In this study, the researchers identified CBX4 as an epigenetic target involved in immune evasion and resistance to immunotherapy. CBX4 was found to accumulate in tumor cells and in immunosuppressive tumor-associated macrophage subsets among patients who did not respond to anti-PD-1 therapy.
Figure 1. Schematic illustration of the mechanism. (Ma Z, et al., 2026)
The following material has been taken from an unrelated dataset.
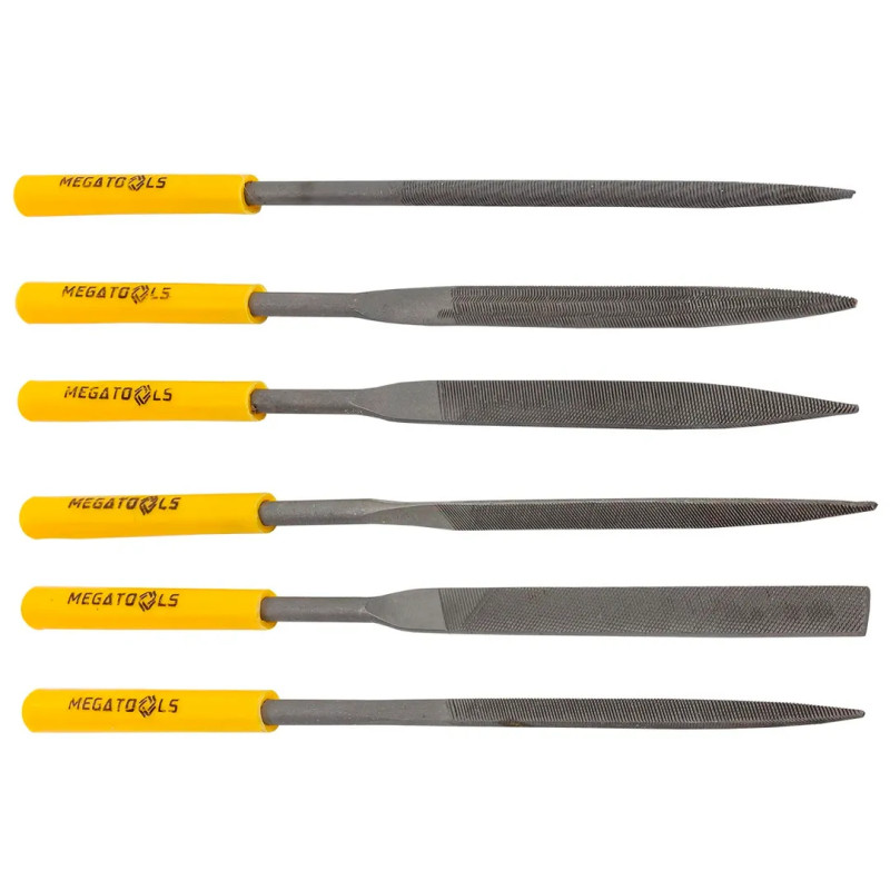 Набор надфилей разнопрофильных предназначены для тонкого опиливания, зачистки поверхностей, доводки небольших и совсем крохотных деталей. В наборе 6 предметов. Длина 140 мм, диаметр 3 мм. Надфиль - это мини напильник, которым выполняют тонкую механическую обработку деталей из различных материалов, где с помощью обычного напильника это сделать проблематично. Абразивный инструмент, маленький алмазный напильник предназначен для работ с обработкой металла, дерева, пластмасс и твердых материалов. Набор алмазных надфилей имеет круглые, плоские и квадратные наконечники, что обеспечивает всестороннее применение: в металлообработке, ювелирном деле, моделировании и других областях, где требуется высокая степень точности и детализации.

Targeting CBX4 derepresses endogenous retroelements marked by H3K9me3 and H3K27me3, such as RLTR4-MM-int, triggering cytoplasmic RNA-sensing pathways and subsequent type I interferon responses, ultimately leading to a strongly inflammatory tumor microenvironment. By reversing the epigenetic silencing of retrotransposons and reshaping the immune tumor microenvironment, this study establishes CBX4 as an epigenetic immune checkpoint, providing a promising therapeutic target for enhancing tumor immunogenicity and overcoming resistance to immunotherapy.
Reference
- Ma Z, et al. In vivo CRISPR screens identify CBX4 as an epigenetic regulator for cancer immunotherapy. The Journal of Clinical Investigation, 2026.